There can be little doubt that over the next few years consumers will find themselves increasingly exposed to ENMs as they go about their daily lives. Moreover, the prevailing view – at least amongst industry and governmental stakeholders – is that this generation of new technologies will prove invaluable in the battle to address the impacts of climate change, industrial pollution and water shortage. There are grounds for some concern though, for it seems that the platitudes issued by policy-makers belie a lack of firm and proactive engagement with the regulatory challenges that accompany the passage of ENMs onto the global market. The Commission’s conclusion that “current legislation covers to a large extent risks in relation to nanomaterials and that risks can be dealt with under the current legislative framework” qualified by the proviso that “however, current legislation may have to be modified in the light of new information becoming available, for example, as regards thresholds in some legislation”56 reflects a particular policy perspective on the role of law in this context: there is a clear desire to forge ahead with the Nanotech Revolution and to facilitate, so far as is possible, a smooth and rapid development of a successful European nanotech sector.

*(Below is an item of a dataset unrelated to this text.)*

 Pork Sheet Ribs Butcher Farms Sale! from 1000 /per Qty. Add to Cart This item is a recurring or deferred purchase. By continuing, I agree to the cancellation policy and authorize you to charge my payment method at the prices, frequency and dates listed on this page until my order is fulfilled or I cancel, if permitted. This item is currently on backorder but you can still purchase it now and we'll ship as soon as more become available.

At the end of the day, it must be remembered that when the European Commission speaks of a commitment to an “integrated, safe and responsible approach” to the development of policy and law in this area,57 it does not speak solely in terms of the EU’s direct responsibilities to the consumer and the environment. After all, the Union and its institutions are creatures of ‘The Market.’ The founding principles entrenched in the treaties, in conjunction with the (massive) profit potential of this new generation of technologies, ensure that official references to “responsibility” and “safety” are firmly set against the backdrop of Member States’ combined concerns for economic “safety.” In the context of a regulatory system so firmly premised upon free market principles, it can be no other way. So far as technological risks are concerned, at least, the EU system is fundamentally flawed. This general preoccupation with markets and continual economic growth also explains why, despite regular pronouncements on the importance of wider societal debate,58 there has been no genuine attempt to engage the wider public – Europe’s citizen-consumers – in a meaningful dialogue about the benefits, risks and ethics of commercial nanotechnology. Again, of course, clear parallels can be drawn with the early years of the Biotech Revolution.

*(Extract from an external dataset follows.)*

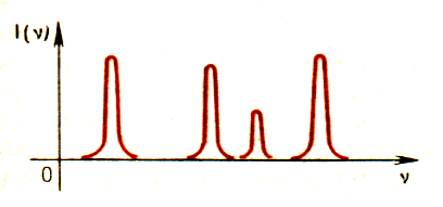Внесем в бледное пламя газовой горелки кусочек асбеста, смоченного раствором обыкновенной поваренной соли. При наблюдении пламени в спектроскоп на фоне едва различимого непрерывного спектра пламени вспыхнет яркая желтая линия (рис. V, 2). Эту желтую линию дают пары натрия, которые образуются при расщеплении молекул поваренной соли в пламени. На рисунке приведены также спектры водорода и гелия. Каждый из них — это частокол цветных линий различной яркости, разделенных широкими темными полосами. Такие спектры называютсялинейчатыми. Наличие линейчатого спектра означает, что вещество излучает свет только вполне определенных длин волн (точнее, в определенных очень узких спектральных интервалах). На рисунке 48 вы видите примерное распределение спектральной плотности интенсивности излучения в линейчатом спектре. Каждая линия имеет конечную ширину.

EU Member States certainly do not want to find themselves relegated to picking up the crumbs falling from the table as other, less cautious or more aggressively pro-nanotech trading partners steam ahead with carving themselves generous portion of the nanotech pie, so to speak. Hence, the proposed pragmatic approach to regulation – which emphasises the role of existing measures and relies heavily on what will, in effect, amount to governance built on reactive tweaking of risk assessment and other key pre- and post-market controls. The unpalatable truth is that in the face of extreme uncertainty, pragmatism represents the only strategy that does not challenge the very basis of the EU project. It remains to be seen whether, from the consumer perspective, this ‘safe’ free-trade-centric approach will prove adequate in the longer term: the proof, as they say, will be in the pudding.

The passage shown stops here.